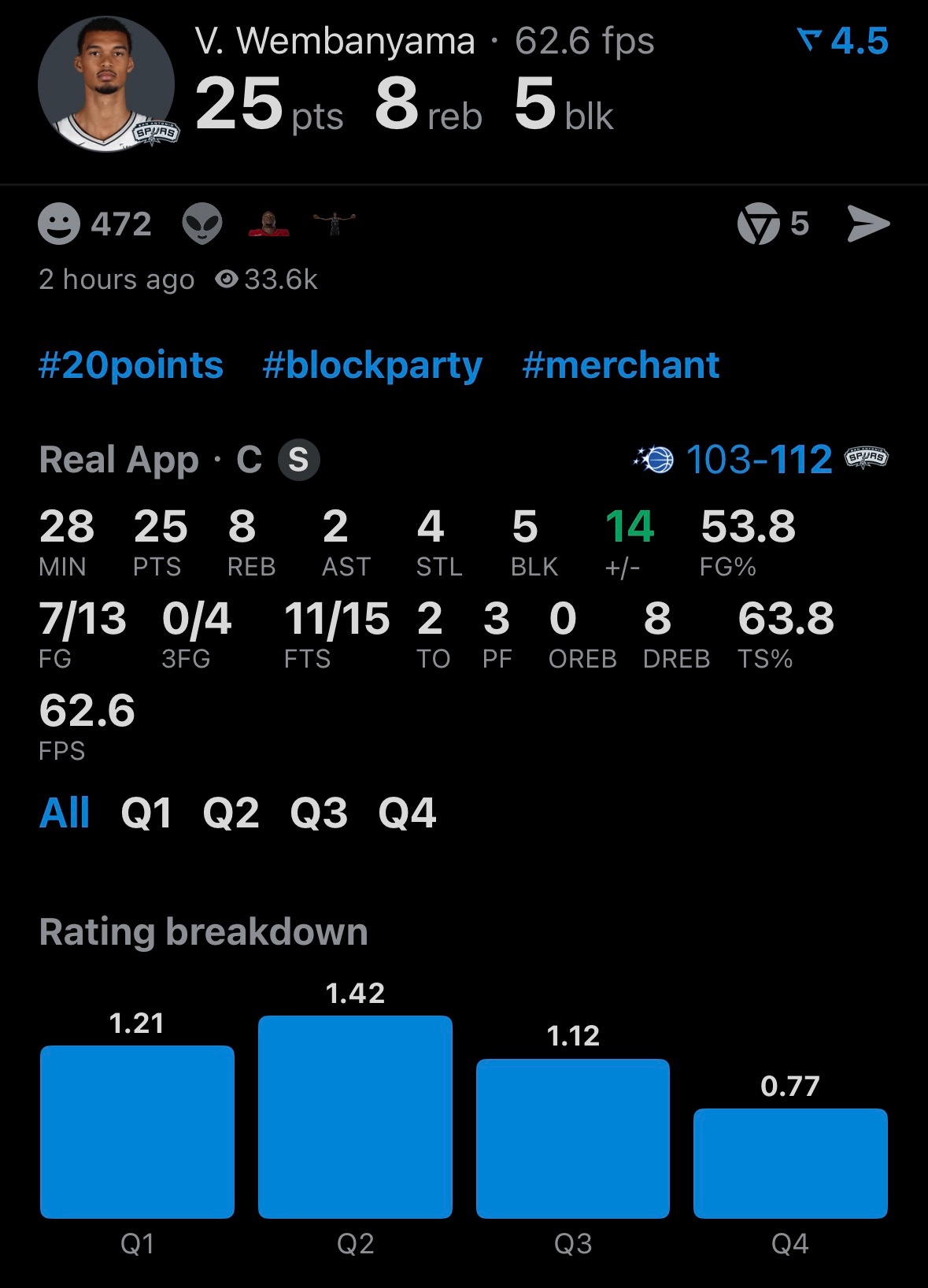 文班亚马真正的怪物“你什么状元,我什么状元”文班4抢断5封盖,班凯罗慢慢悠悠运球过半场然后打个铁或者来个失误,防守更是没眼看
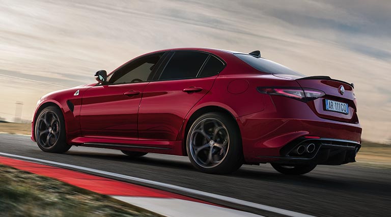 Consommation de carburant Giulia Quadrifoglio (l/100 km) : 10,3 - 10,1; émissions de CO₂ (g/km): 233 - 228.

————

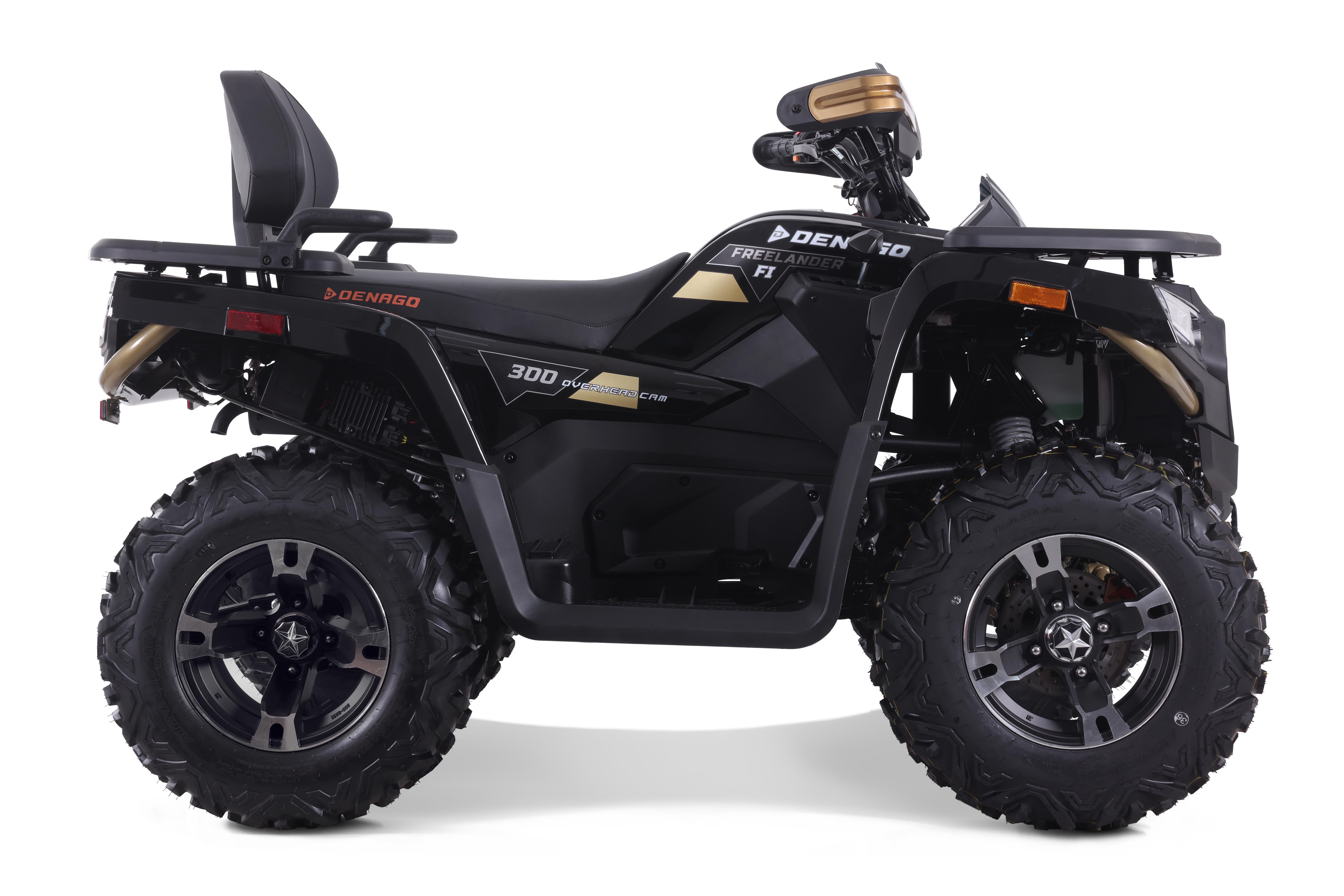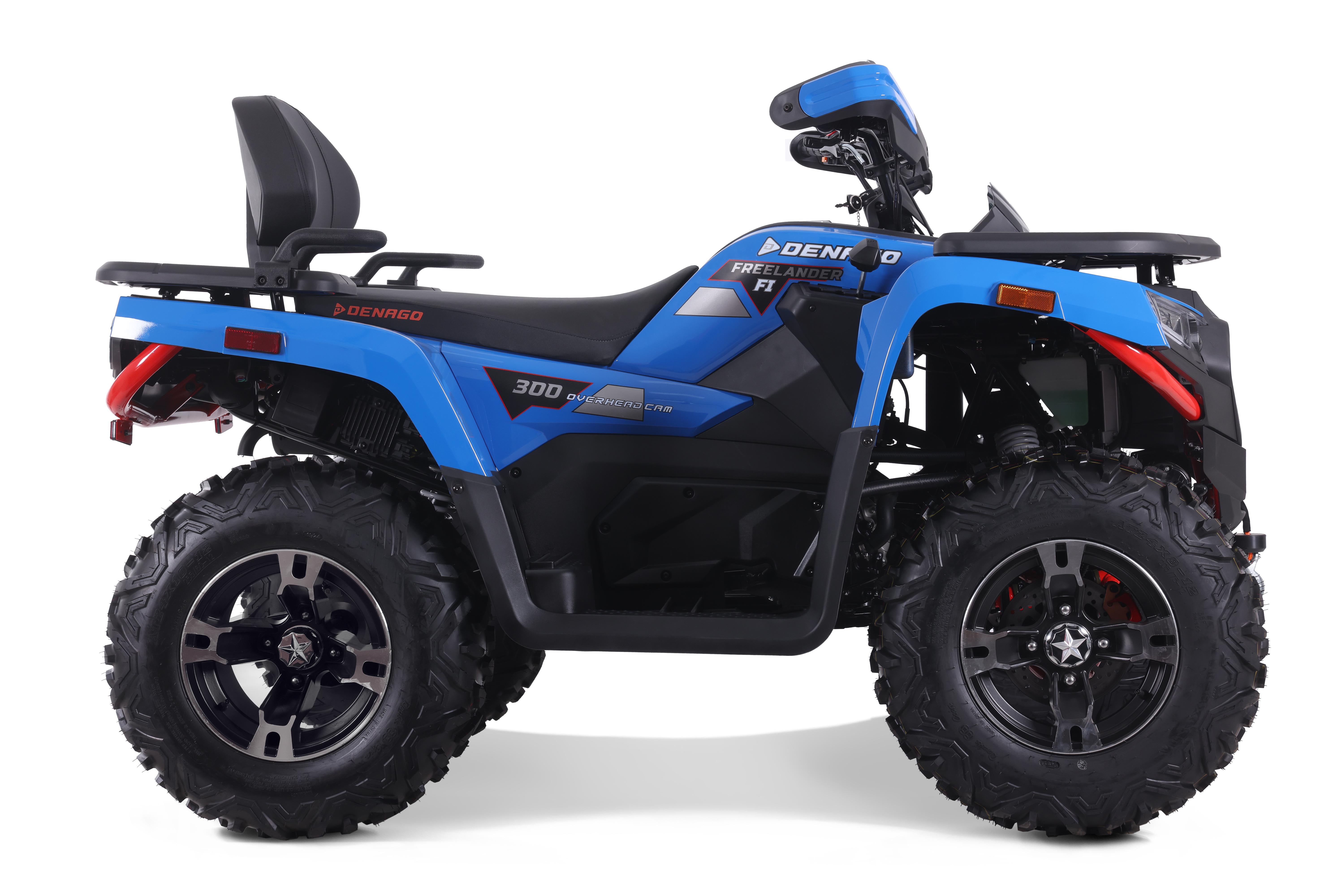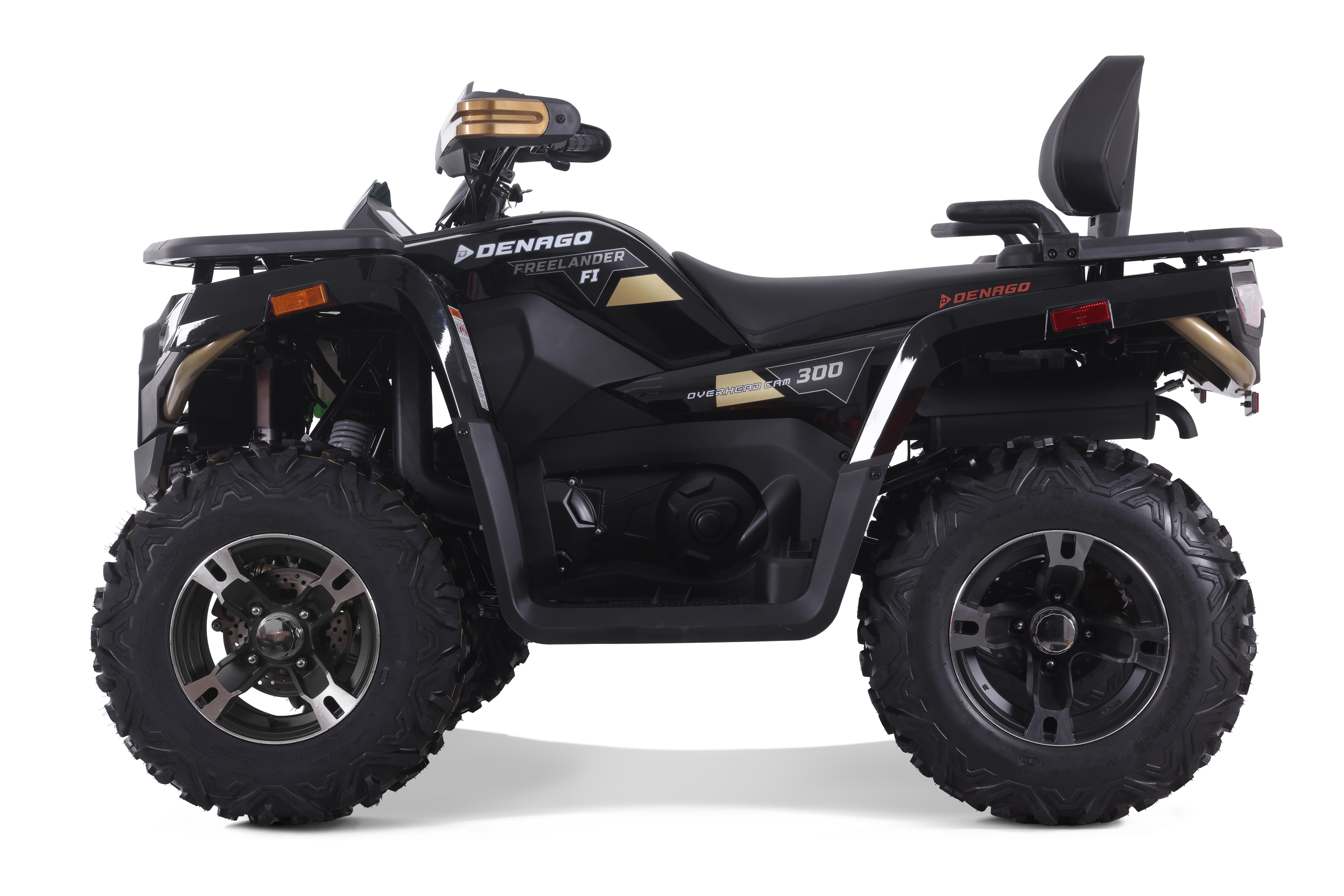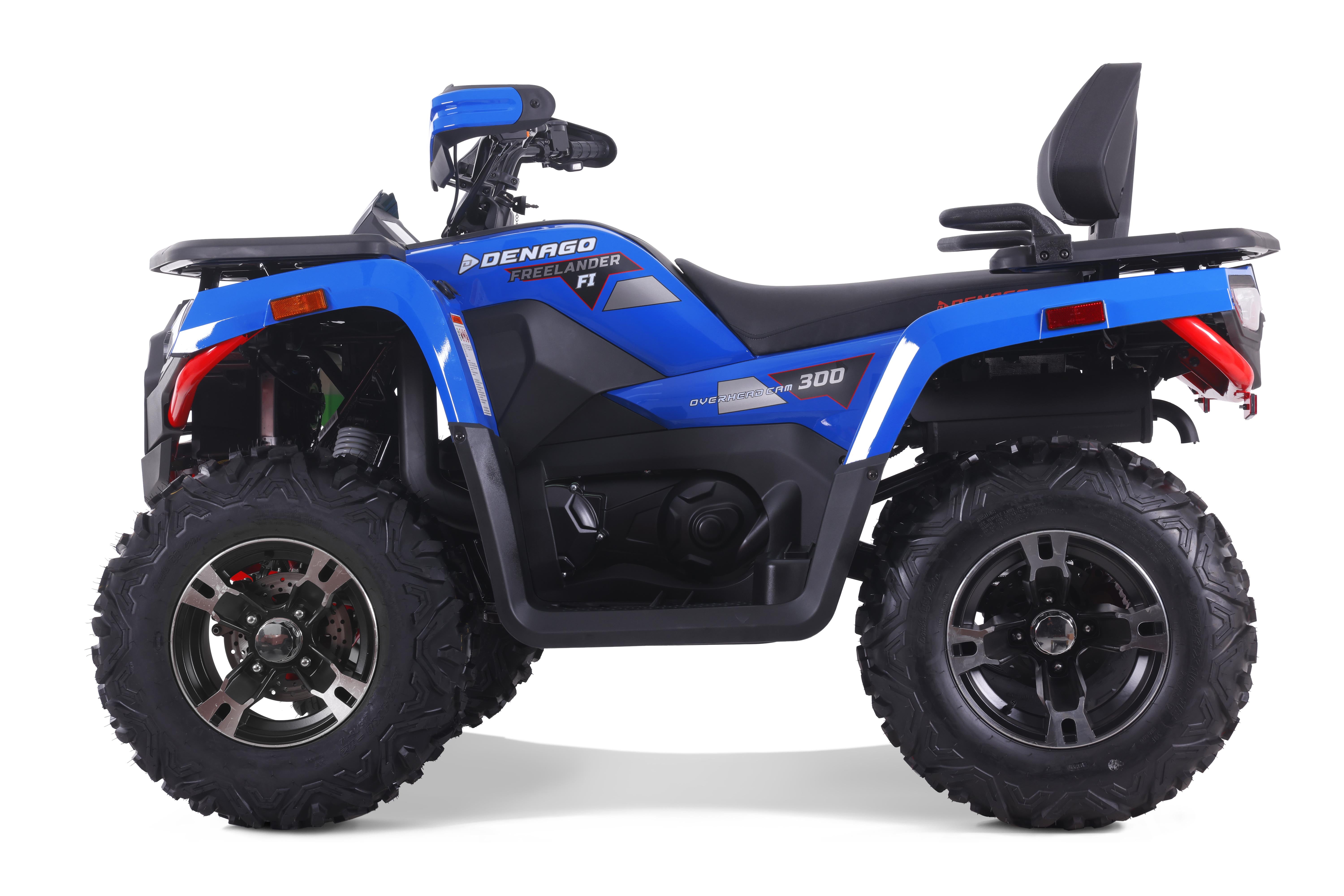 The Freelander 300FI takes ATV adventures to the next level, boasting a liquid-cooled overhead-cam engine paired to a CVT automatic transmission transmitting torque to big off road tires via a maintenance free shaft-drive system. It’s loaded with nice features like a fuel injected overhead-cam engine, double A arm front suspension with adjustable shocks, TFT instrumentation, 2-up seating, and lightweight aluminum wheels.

————

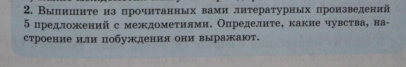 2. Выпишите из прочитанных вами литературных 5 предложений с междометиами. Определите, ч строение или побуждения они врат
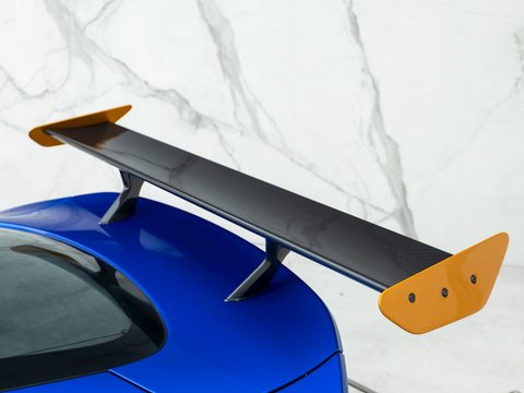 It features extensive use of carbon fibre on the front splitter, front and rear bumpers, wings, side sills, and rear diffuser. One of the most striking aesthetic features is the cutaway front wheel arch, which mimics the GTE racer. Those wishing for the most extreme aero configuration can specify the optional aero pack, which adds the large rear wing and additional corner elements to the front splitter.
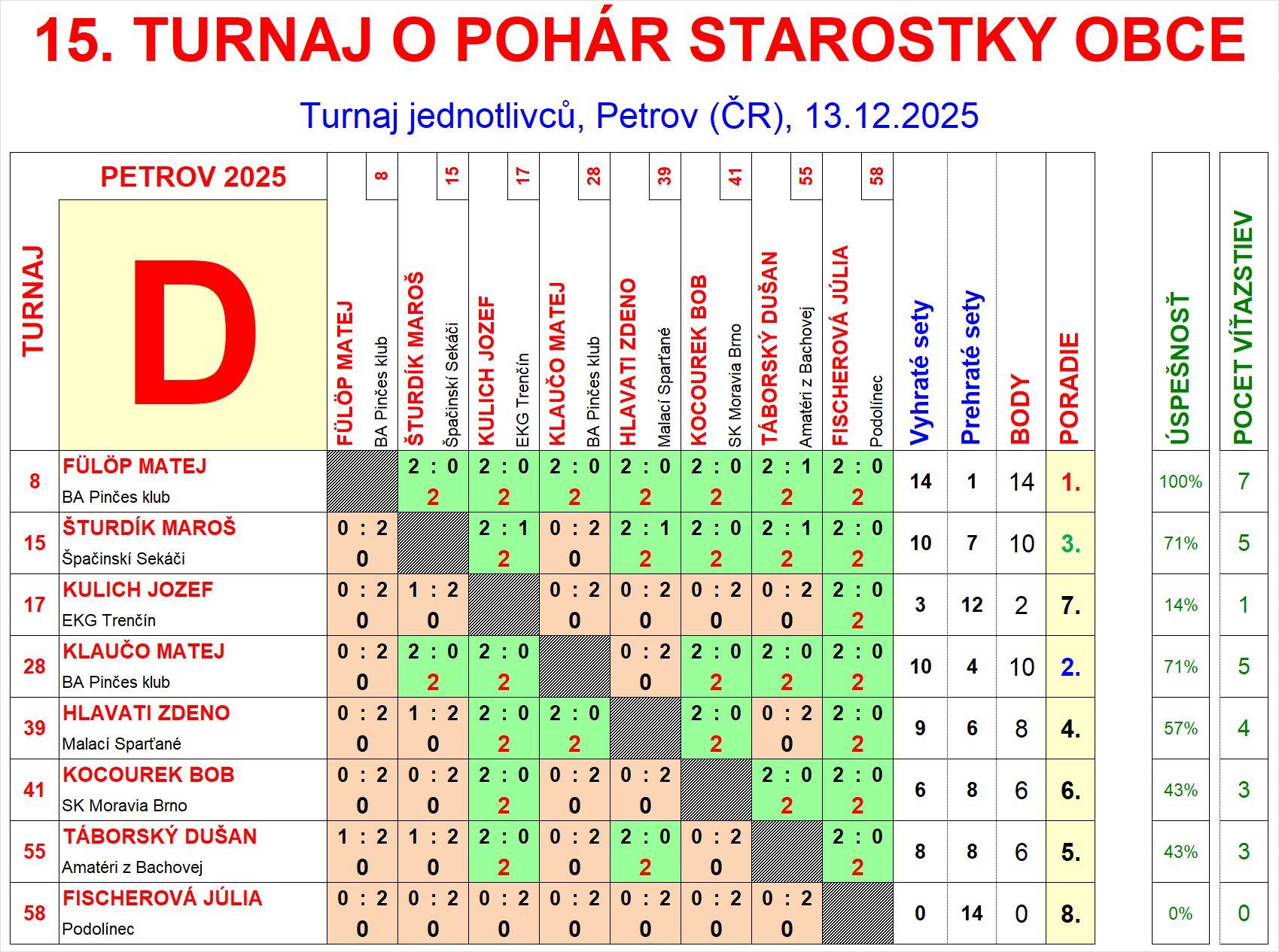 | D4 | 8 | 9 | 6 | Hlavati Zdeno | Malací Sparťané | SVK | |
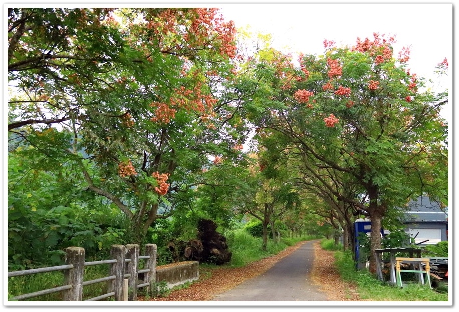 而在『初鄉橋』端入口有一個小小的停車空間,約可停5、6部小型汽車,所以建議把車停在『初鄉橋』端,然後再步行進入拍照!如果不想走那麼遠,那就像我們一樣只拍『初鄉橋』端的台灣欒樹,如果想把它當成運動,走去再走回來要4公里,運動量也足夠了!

————

§ **What is required**
From the entries above, copy exactly the lines starting at the one with "2. Выпишите из" and stopping at the one with "而在『初鄉橋』端入口有一個小", keeping both ends. Drop the pictures.

§ **Output for this exercise**
 2. Выпишите из прочитанных вами литературных 5 предложений с междометиами. Определите, ч строение или побуждения они врат
 It features extensive use of carbon fibre on the front splitter, front and rear bumpers, wings, side sills, and rear diffuser. One of the most striking aesthetic features is the cutaway front wheel arch, which mimics the GTE racer. Those wishing for the most extreme aero configuration can specify the optional aero pack, which adds the large rear wing and additional corner elements to the front splitter.
 | D4 | 8 | 9 | 6 | Hlavati Zdeno | Malací Sparťané | SVK | |
 而在『初鄉橋』端入口有一個小小的停車空間,約可停5、6部小型汽車,所以建議把車停在『初鄉橋』端,然後再步行進入拍照!如果不想走那麼遠,那就像我們一樣只拍『初鄉橋』端的台灣欒樹,如果想把它當成運動,走去再走回來要4公里,運動量也足夠了!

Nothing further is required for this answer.